Re: Hard-limits for kern.maxproc
Re: Hard-limits for kern.maxproc
- Subject: Re: Hard-limits for kern.maxproc
- From: Andrew Gallatin <email@hidden>
- Date: Fri, 06 Feb 2009 14:50:08 -0500
Steve Checkoway wrote:
>
> On Feb 6, 2009, at 5:18 AM, Andrew Gallatin wrote:
>
>> Nathan wrote:
>>
>> > emails a really large file to their entire department. I'll hit the
>> > arbitrary process limit long before my hardware suffers. But if I do,
>> > I'll recompile the kernel with higher limits and the machine will keep
>> > on chugging. Sounds like software design issue to me.
>>
>> As people have tried to explain, there are good reasons why the limits
>> are set the way they are. Remember, with a 32-bit kernel, even if
>> you've got 8GB of RAM, the kernel itself can only use less than 4GB of
>> RAM for its own data structure (for example, trivial things like the
>> process table :) So if you increase the process limits, you run a real
>> risk of running the kernel out of memory and/or kernel virtual address
>> space, leading to system crashes or hangs.
>
> I'm not a kernel developer so maybe this is naive, but if running out of
> memory is the issue, then shouldn't the limit be based on how much
> physical memory there as as opposed to a fixed limit? It seems like this
When a 4GB address space is the problem, it actually gets *WORSE* as
you increase the amount of physical RAM. The more RAM you have, the
bigger the page tables and associated housekeeping data structures you
need to have, and the less space you have available for everything
else.
> number could be dynamic too, when the system is running low on memory,
> start returning EAGAIN to fork() calls.

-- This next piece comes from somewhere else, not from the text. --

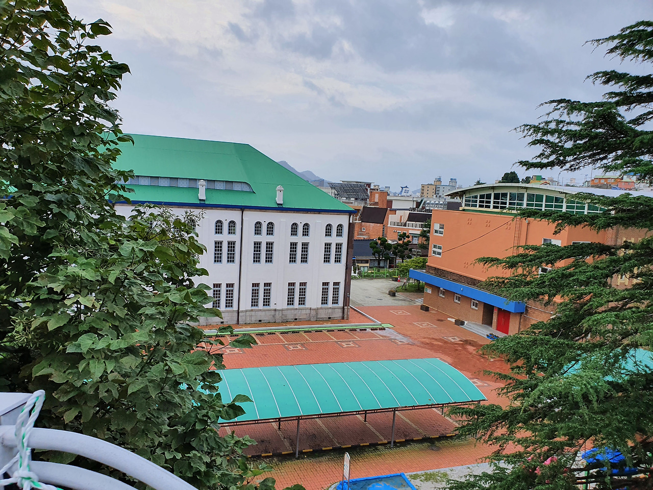 유달 초등학교라는 학교도 볼 수 있었다. 그런데 학교 안에 있는 건물의 디자인이 꽤 고풍스러워 보여 검색해 봤더니 역시 이 초등학교는 1898년 당시 목포에 거주하던 일본인 학생들을 위해 설립된 오래된 학교로 그 역사가 122년이나 되는 학교였다. 사진에 보이는 저 특이한 디자인의 건물은 강당으로 사용되는 건물인데 1929년에 건축되었다 한다. 90년이 넘는 역사를 가진 강당인 셈이다.
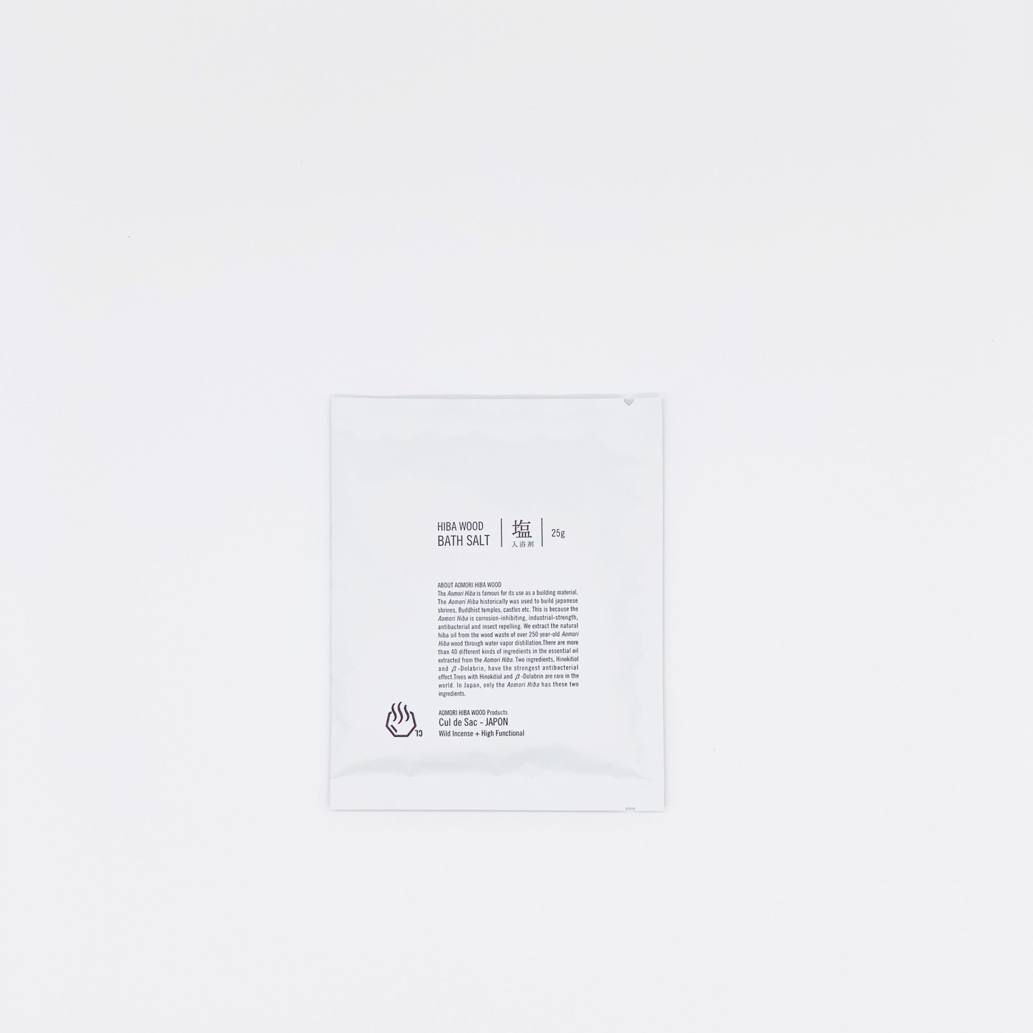 With a combination of Aomori Hiba Wood Oil and salt, the aromatic Hiba Wood Bath Salts are made by pumping and distilling the mineral rich sea water, from the Tsugaru Strait. Each bag is good for a single use.

What about kernel call chains that need to succeed? (like allocating
data structures required for disk writes, which in turn are required
to page something out and free memory).
> As a side note, does the kernel not page out its own memory? It seems
> like it should have access to more space using the same mechanism, as
> long as it is careful about which data is truly on disk and which is in
> memory.
Mostly not. Paging kernel memory is a nightmare. I cannot think of
any OS which actually does that off the top of my head, except maybe
AIX. I know that certain kernel-resident portions of processes were
pagable in FreeBSD a long time ago, and it caused quite a few
problems.
The best way to "fix" these scaling issues is to move to a 64-bit
kernel, which Apple is finally doing.